Тут я порадовался, что оделся крайне неприметно, и, растрепав волосы, изобразил вторую стадию опьянения. Я двинулся меж пьяными, ища свою добычу. Парень между тем исчез в одном из заведений, в дверях которого стояла ярко накрашенная мадам примерно под центнер весом и широко улыбалась, обнажив наполовину выбитые зубы. Я приблизился к двери, выписывая при этом замечательные синусоиды, покрутился около мадам, попытался ее обнять (хотя для этого понадобились бы руки длиной со слоновый хобот) и вошел внутрь. Парня я там не увидел. Это значило, что он уже поднялся наверх, и можно было действовать. В заведении гремела музыка и пахло каким-то отвратительным пойлом. На ободранных диванах девицы обнимались с клиентами, были слышны громкие ругательства и удары стаканов о стол. Низко нависший потолок был весь в грязных разводах. Картина самая неприглядная. Бордель худшего качества я видел разве что на раскопках в Помпеях. Тогда я, помнится, испытал сочувствие и даже некоторое уважение к древним римлянам, которым приходилось за собственные деньги заниматься любовью на уродливых каменных глыбах, заменявших им постели. Такое и сейчас под силу далеко не каждому, а уж ухитриться в подобных условиях еще и получить удовольствие — ну просто высший пилотаж.
Изображая, что еле держусь на ногах (задание, которое мне всегда замечательно удавалось), я подошел к стойке и, стукнув по ней кулаком, потребовал выпивку. Я знал, что прекрасно говорю по-испански и мой еле заметный акцент вполне может сойти за ту стадию опьянения, которую я изображал. Стоящая за замызганной стойкой мадам изобразила радость при виде очередного клиента и, взяв заметно грязный стакан, налила мне какой-то мутной жидкости. Крепкий сивушный запах ударил мне в ноздри, это явно было что-то произведенное в очень кустарных условиях. Мне стоило большого труда влить в себя эту гадость, изображая при этом наслаждение. «Надо вечером принять активированный уголь», — мелькнула у меня в голове мысль.
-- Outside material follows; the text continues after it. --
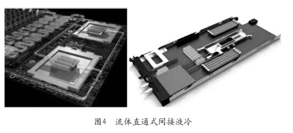 采用间接冷却的液冷散热系统,对IT设备没有明显改动,仅需将原风冷散热片替换为液冷散热片,成为冷媒换热系统。常规情况下,芯片工作温度为20~60℃区间,可以使用无相变的水(离子水+铜缓蚀剂)或者水氟转换系统进行换热,通过外部冷却水或冷冻水系统实现系统换热。该系统重点在于选择合适的冷媒,并且设计复杂的冷媒管路到达每个机架,为每个IT设备设计无滴漏的快速接头,保证液冷系统支持热插拔,实现维护时不中断整个系统,并避免换热介质流出。流体直通式间接冷却如图4所示。数据中心中较多的循环管路,成了故障维护和水力平衡的难题。
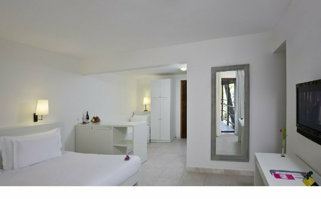 Air conditioning and adjustable central heating ensure that rooms maintain comfortable temperatures. Guests can enjoy the sea view from a balcony or terrace. Rooms include a double bed. Children's beds can be requested for younger guests. A safe and a minibar are also available. Additional features include a mini fridge and a tea/coffee station. A telephone, a TV and WiFi (no extra charge) provide all the essentials for a comfortable holiday. Slippers are included. A hairdryer and a telephone are available in the bathrooms, which are equipped with a shower. The resort has family rooms and non-smoking rooms.

Брр! Даже деревенский неочищенный самогон, который мы в свое время с сокурсниками пили «на картошке», не был настолько отвратительным по вкусу. Однако я изобразил на лице удовольствие, хотя в действительности испытывал прямо противоположные чувства, и, наклонившись через стойку к мадам, заговорщическим тоном спросил ее, замужем ли она. Она ответила, что была, но муж — вот скотина какая! — ее бросил и ушел к толстой шлюхе из заведения на соседней улице. В ответ я начал плести первую приходящую в голову чушь о том, что я страдаю от отсутствия женской любви и ласки, которых мне так не хватает в одинокие зимние вечера, бросая при этом на мадам пламенные взгляды, на что она понимающе кивнула головой и, близко наклонившись ко мне (лучше бы она этого не делала — зубы она, видимо, не чистила с рождения), сказала с гордостью, что у нее в заведении есть прекрасные девушки — пальчики оближешь! Господин обязательно останется довольным. После чего она махнула рукой, и ко мне приблизилась одна из куривших у стойки девиц неопределенного возраста, с когда-то обесцвеченными волосами, свалявшимися в грязный ком. Пришлось изображать разыгравшуюся страсть. Я провел рукой по ее дряблой груди, что-то восхищенно пробормотал и спросил цену. «Номер десять», — сказала в ответ мадам, кинув мне на стойку ключ и торопясь обслужить очередного клиента.
Через пять минут все было кончено. Всего один укол миниатюрного шприца — и пергидрольное чудовище храпит на полу. Убедившись, что она уснула, я осторожно приоткрыл дверь и выскользнул в коридор. Я пошел вдоль стены, пытаясь найти парня. Это не составило большого труда — уже в третьей комнате мне повезло. Вероятно, мое нежданное появление было достаточно эффектным.
Парень сначала выматерился по-русски, а затем на ломаном испанском предложил мне убраться. Честное слово, мне понравилось, как он держится, но надо было его немножко отрезвить. Всего одна русская фраза, произнесенная ледяным тоном, и красная корочка в моих руках сделали свое дело. При упоминании всесильного КГБ у парня в момент пропало всякое желание продолжать прерванный процесс. Проститутка непонимающими глазами смотрела на все происходящее и пыталась сообразить, заорать ей или нет. Я закрыл за собой дверь и приказал ей убираться. Двадцать долларов, которые я ей бросил, значительно увеличили скорость ее передвижения, и в две секунды она исчезла, собрав свою немногочисленную одежду.